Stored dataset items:
╭──
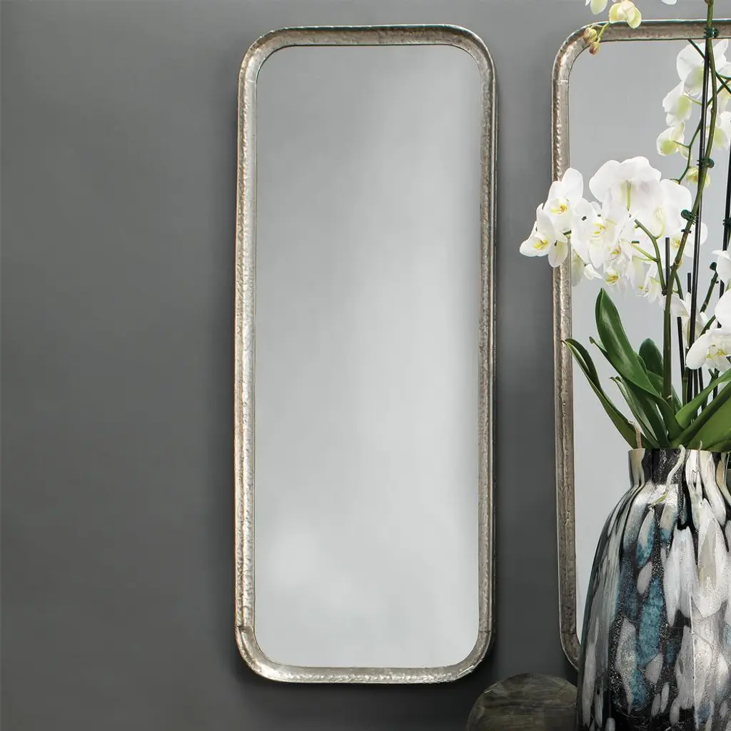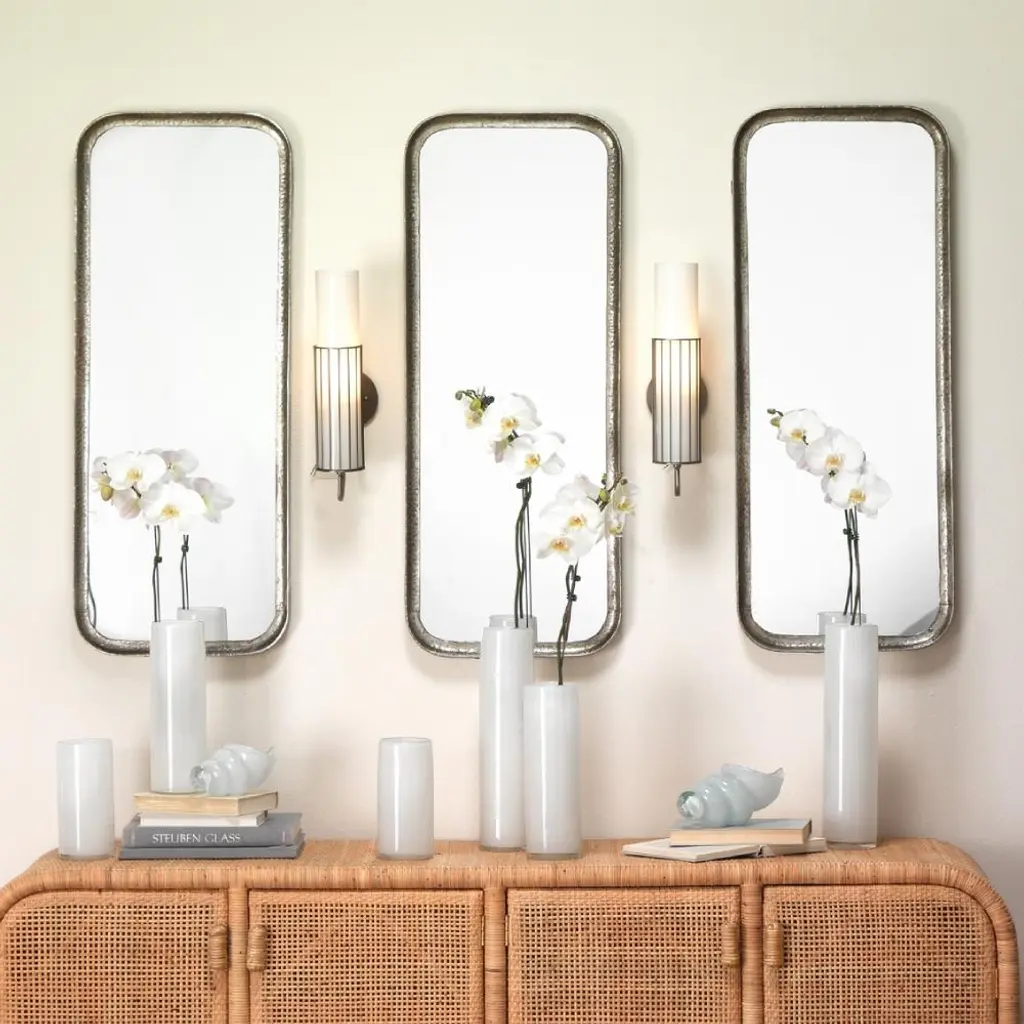 Capri Hollywood Regency Silver Leaf Iron Rectangular Wall Mirror
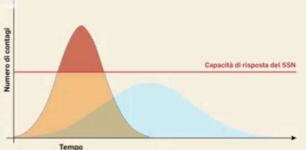“La linea orizzontale rappresenta la capacità degli ospedali di ricoverare i pazienti, fin qui reggono. Oltre no. In rosso quindi è rappresentata tutta gente che non potrà essere curata. Se invece il contagio è più lento la curva (in azzurro) è meno acuta e si protrae nel tempo, permette agli ospedali di curare più malati. La nostra curva attuale, che è appena partita, dove va a finire? Quanto durerà? Non lo sappiamo.
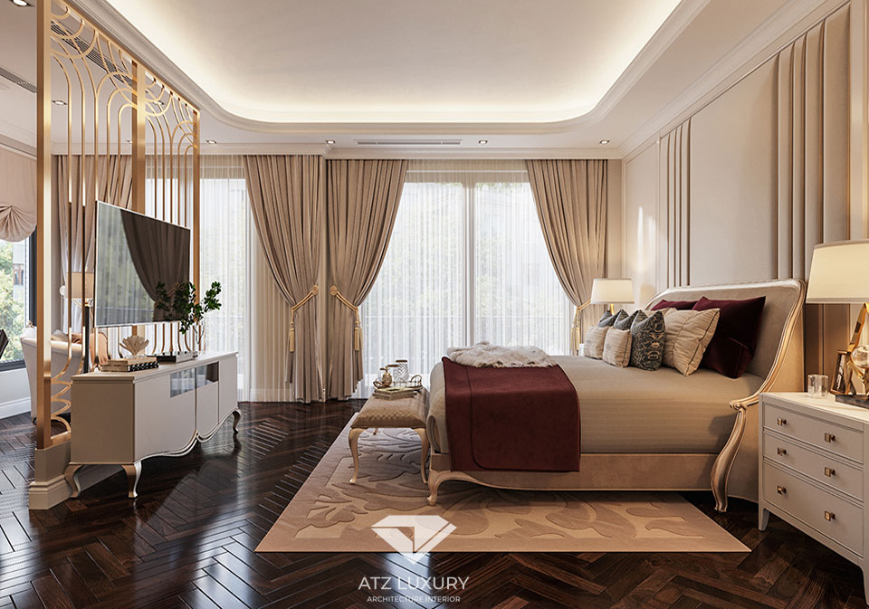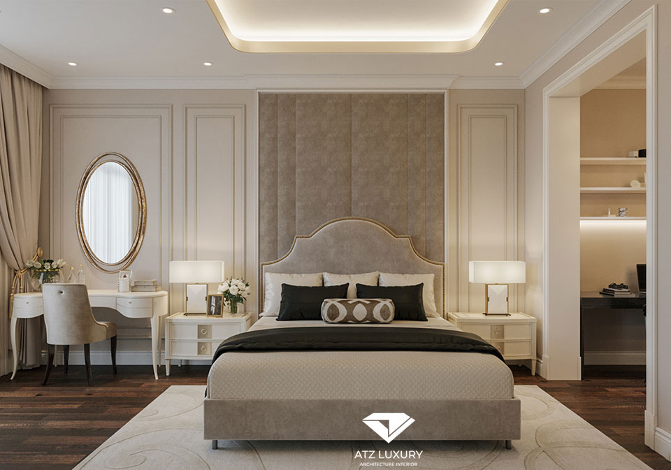 Theo kinh nghiệm của ATZ LUXURY, phòng ngủ biệt thự tân cổ điển cần được trang bị đầy đủ nội thất tiện nghi như: giường, tivi, kệ tivi, tủ quần áo, bàn trang điểm,… Các món đồ nội thất nên sở hữu họa tiết, điểm nhấn tân cổ điển tinh xảo như hoa văn, phào chỉ,… kết hợp với đèn chùm cỡ lớn để tạo nên không gian lung linh, lộng lẫy. Ngoài ra, bố cục phòng ngủ nên được bố trí và sắp xếp theo tỷ lệ vàng để mang đến sự hài hòa, cân đối và sang trọng.
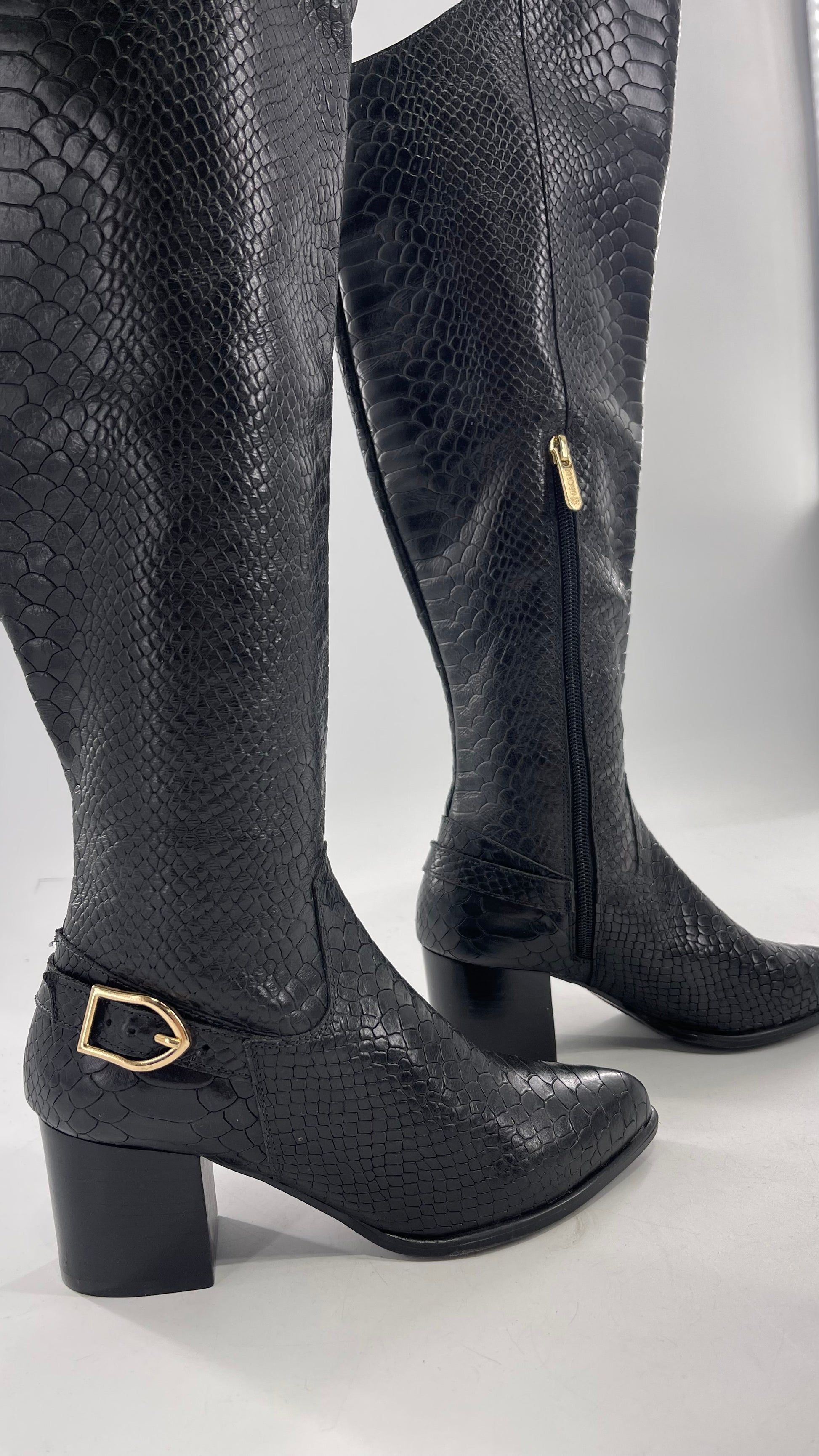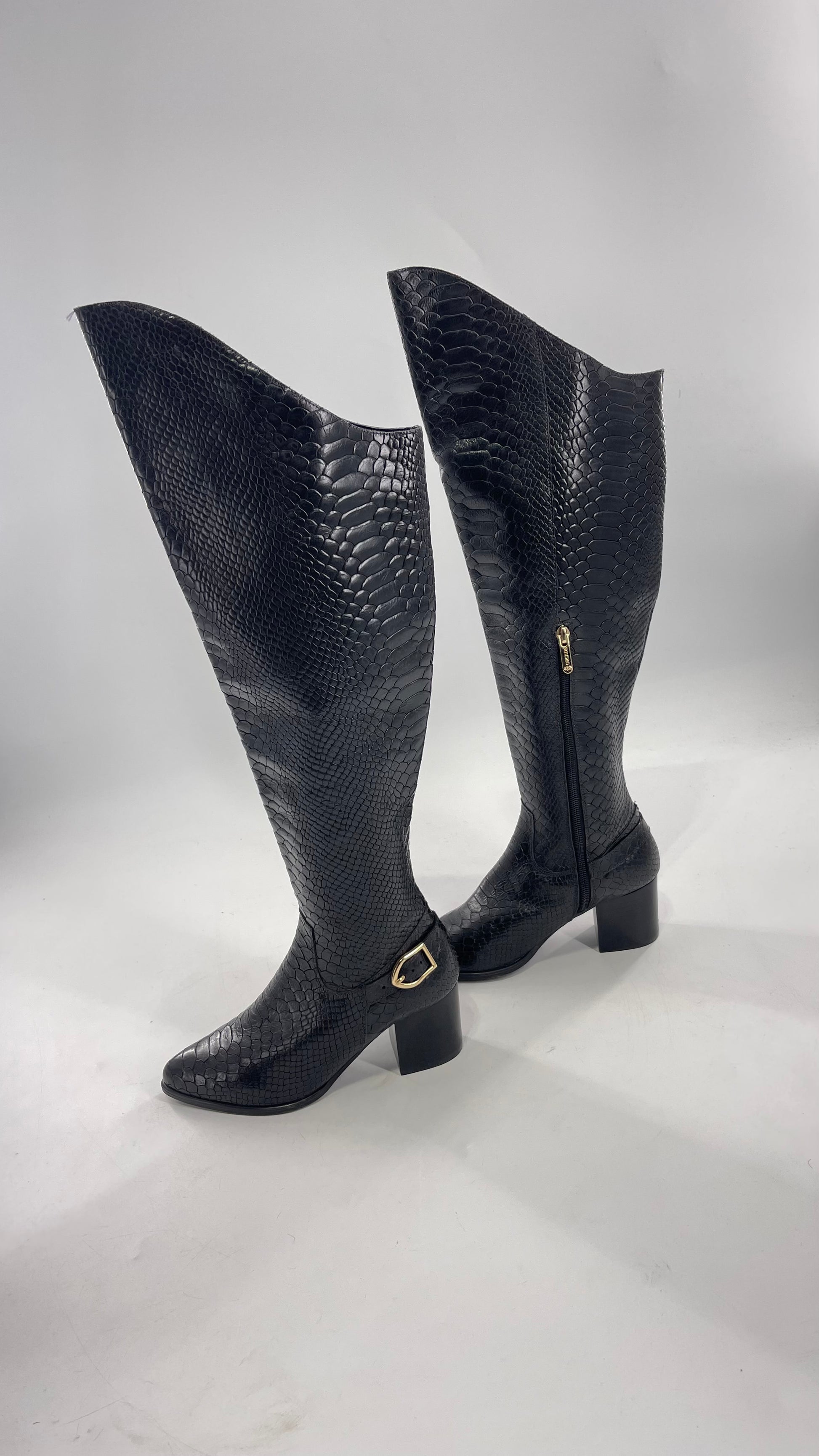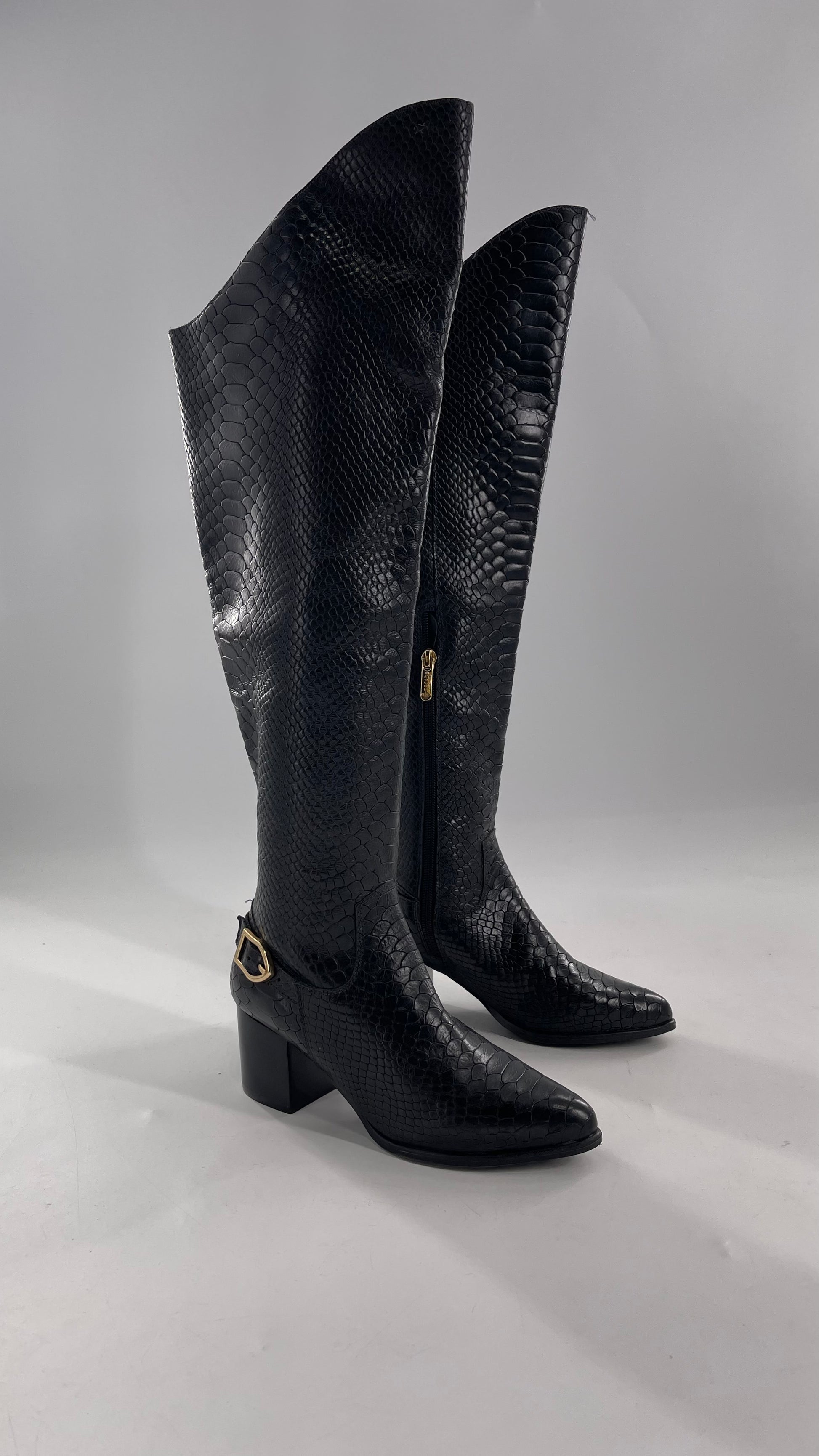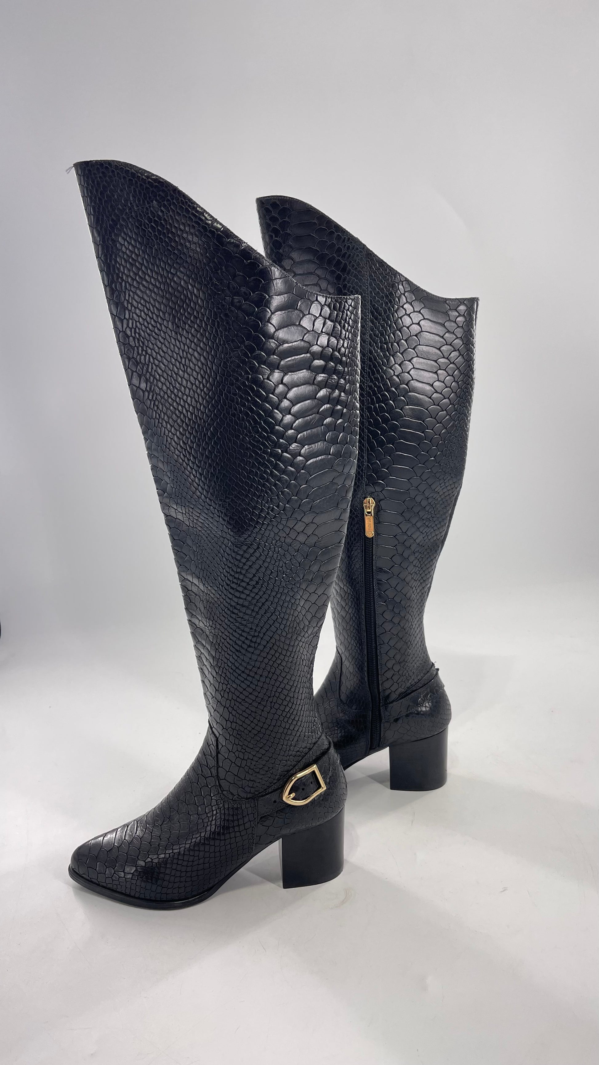 ORCADE Brazilian Leather Crocodile Embossed Knee High Boots
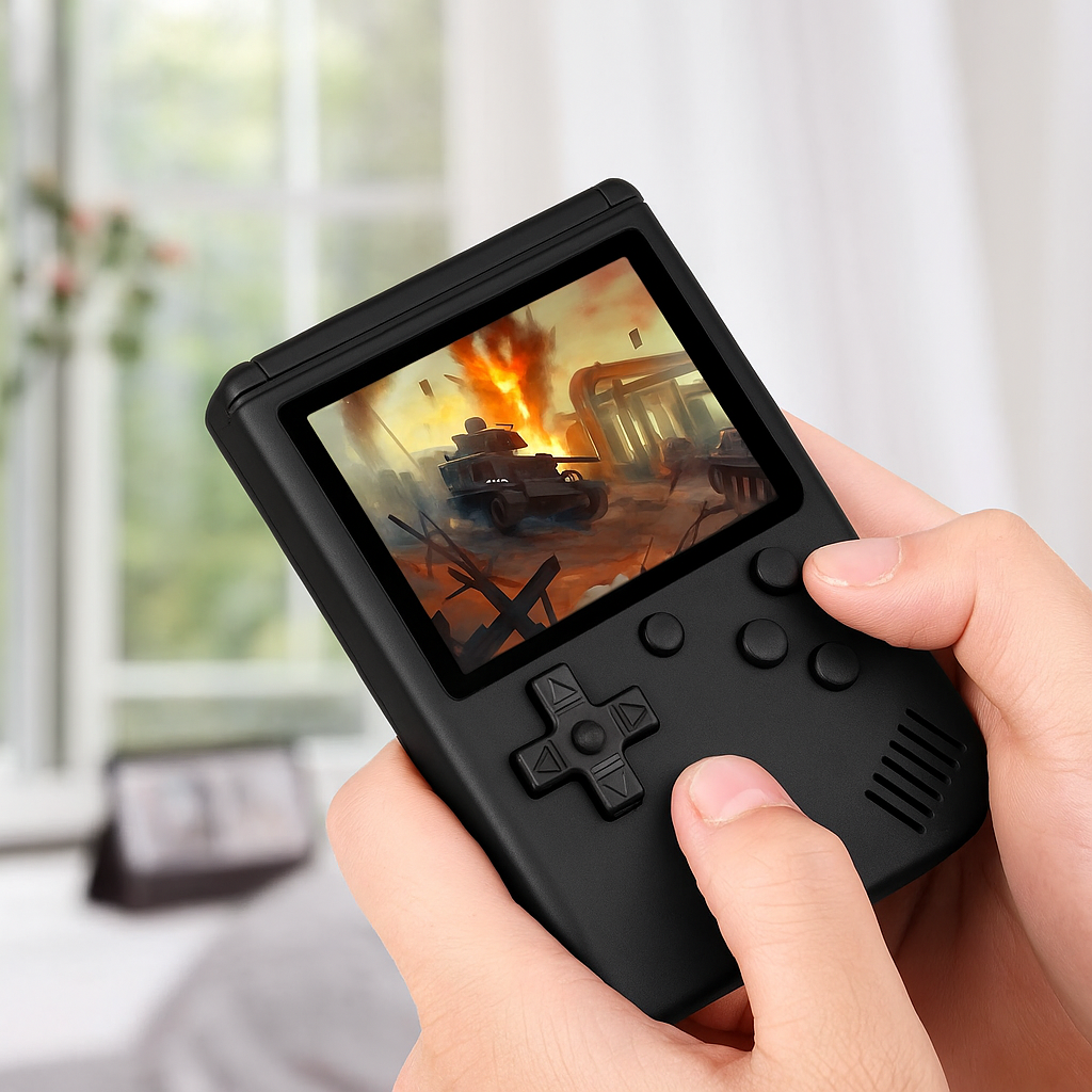 Diseñada para los amantes del gaming nostálgico y el diseño limpio, esta consola viene equipada con 400 juegos tipo FC, una pantalla a color de alta resolución, y batería recargable para que juegues sin interrupciones.
╰──
What to do: Retype only the lines that run from the first line of the entries above to the line containing "Non lo sappiamo.", both included. Do not carry over any pictures.

Problem solution:
 Capri Hollywood Regency Silver Leaf Iron Rectangular Wall Mirror
“La linea orizzontale rappresenta la capacità degli ospedali di ricoverare i pazienti, fin qui reggono. Oltre no. In rosso quindi è rappresentata tutta gente che non potrà essere curata. Se invece il contagio è più lento la curva (in azzurro) è meno acuta e si protrae nel tempo, permette agli ospedali di curare più malati. La nostra curva attuale, che è appena partita, dove va a finire? Quanto durerà? Non lo sappiamo.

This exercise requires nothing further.